しかし、その手は虚しく空を切り、影の身体をすり抜けてしまう。
「行かないで……!あなたは……私なのに……!」
『……あなたが生きてるなら……わたしは……もう……いらない……。』
影の少女の身体が、黒いノイズから純白の光へと溶けていく。
『……さよなら……リル……。あなたが……これから先、ずっと幸せで……ありますように……。』
「いや……いやぁぁぁぁぁ……!」
リルの悲痛な叫びが、何もない”庭”の最奥に響き渡った。
アインは泣き崩れるリルをしっかりと抱きしめ、その小さな背中を何度も何度も優しく撫でた。
「大丈夫よ……リルちゃん。あなたはひとりじゃないわ。」
光が完全に天へと昇りきると、あの恐ろしい裂け目は嘘のように静かに閉じていった。
庭の奥には、ただ温かな静寂だけが残った。
リルは涙を拭い、アインの胸に顔を埋めたまま呟く。
「アイン……。私……もう一人の私を……失っちゃった……。」
アインは優しく微笑み、リルの頭を撫でた。
「違うわ。あなたはあの子から、大切な願いを受け取ったの。」
「これからは、あなたが彼女の分まで、二人分いっぱい幸せになればいいのよ。」
リルは涙に濡れた瞳を瞬かせ、小さく、けれどしっかりと頷いた。
「……うん……。」
その瞬間——
空間に漂っていた光の粒子がふわりと舞い上がり、リルの胸の奥へと吸い込まれるように宿った。

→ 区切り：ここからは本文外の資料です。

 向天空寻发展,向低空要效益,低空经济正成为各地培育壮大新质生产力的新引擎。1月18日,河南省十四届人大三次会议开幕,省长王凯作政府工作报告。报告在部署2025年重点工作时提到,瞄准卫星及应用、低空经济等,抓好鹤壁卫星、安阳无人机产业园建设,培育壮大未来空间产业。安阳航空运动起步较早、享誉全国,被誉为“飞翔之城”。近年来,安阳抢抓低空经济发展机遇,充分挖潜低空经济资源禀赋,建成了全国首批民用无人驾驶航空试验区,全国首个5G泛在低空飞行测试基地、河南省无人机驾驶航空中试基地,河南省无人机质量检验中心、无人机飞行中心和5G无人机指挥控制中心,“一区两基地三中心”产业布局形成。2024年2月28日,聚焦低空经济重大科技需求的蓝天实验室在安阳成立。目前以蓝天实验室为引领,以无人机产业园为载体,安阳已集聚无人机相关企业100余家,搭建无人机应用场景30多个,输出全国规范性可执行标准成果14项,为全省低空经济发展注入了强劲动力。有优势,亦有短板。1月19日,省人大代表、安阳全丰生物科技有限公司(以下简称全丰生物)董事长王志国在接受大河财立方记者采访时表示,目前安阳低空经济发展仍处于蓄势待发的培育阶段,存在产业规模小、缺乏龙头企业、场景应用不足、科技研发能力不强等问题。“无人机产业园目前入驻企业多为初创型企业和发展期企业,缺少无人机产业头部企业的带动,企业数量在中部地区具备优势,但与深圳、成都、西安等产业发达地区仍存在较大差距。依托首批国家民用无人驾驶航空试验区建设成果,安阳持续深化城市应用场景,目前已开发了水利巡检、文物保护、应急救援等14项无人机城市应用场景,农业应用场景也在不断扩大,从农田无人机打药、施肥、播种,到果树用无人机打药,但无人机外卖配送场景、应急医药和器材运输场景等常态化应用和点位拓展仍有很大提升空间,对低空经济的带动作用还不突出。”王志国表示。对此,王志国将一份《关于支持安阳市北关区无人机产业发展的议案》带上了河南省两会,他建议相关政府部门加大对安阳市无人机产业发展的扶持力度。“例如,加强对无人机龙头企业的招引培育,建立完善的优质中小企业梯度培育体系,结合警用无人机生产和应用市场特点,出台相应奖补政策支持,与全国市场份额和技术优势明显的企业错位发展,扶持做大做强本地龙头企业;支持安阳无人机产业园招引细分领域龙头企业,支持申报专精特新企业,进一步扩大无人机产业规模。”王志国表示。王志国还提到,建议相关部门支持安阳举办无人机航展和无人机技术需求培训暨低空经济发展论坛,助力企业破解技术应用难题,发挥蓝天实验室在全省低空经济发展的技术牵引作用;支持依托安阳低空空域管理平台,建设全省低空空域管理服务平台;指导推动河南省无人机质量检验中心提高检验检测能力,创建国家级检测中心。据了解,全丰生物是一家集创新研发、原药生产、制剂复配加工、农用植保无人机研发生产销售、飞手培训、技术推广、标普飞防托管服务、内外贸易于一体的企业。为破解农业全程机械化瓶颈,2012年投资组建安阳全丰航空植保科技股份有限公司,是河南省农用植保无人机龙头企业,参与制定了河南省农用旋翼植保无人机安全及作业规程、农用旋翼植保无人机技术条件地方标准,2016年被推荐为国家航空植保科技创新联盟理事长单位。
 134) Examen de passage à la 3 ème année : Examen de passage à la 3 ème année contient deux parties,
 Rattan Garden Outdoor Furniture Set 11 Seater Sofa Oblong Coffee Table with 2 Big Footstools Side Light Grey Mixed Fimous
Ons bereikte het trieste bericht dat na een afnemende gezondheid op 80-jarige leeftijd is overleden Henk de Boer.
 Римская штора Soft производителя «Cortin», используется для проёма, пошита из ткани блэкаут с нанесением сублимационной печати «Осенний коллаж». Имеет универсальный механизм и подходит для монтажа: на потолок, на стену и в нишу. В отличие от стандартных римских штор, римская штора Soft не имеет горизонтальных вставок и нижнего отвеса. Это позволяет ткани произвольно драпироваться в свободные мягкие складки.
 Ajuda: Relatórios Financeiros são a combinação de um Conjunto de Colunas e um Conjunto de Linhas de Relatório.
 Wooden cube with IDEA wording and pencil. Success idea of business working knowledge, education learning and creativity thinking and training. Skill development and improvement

『ユニーク権能:リル《ツイン・メモリー》が解放されました。』
——それは、消えゆく“もう一人の自分”の記憶と感情を継ぎ、共に生きるための力だった。
アインはリルの手を優しく握り直した。
「帰りましょう、リルちゃん。みんなが待ってる。あなたの居場所は、もう“ひとりぼっちの庭”じゃないわ。」
リルは涙を拭き、今日一番の笑顔を見せた。
「……うん。アインと一緒に、お家に帰る。」
二人は手をつなぎ、温かな光に包まれた道を戻っていった。
”隙間の庭”の木々が静かに揺れ、まるで“影の少女”がそっと見守りながら微笑んでいるようだった。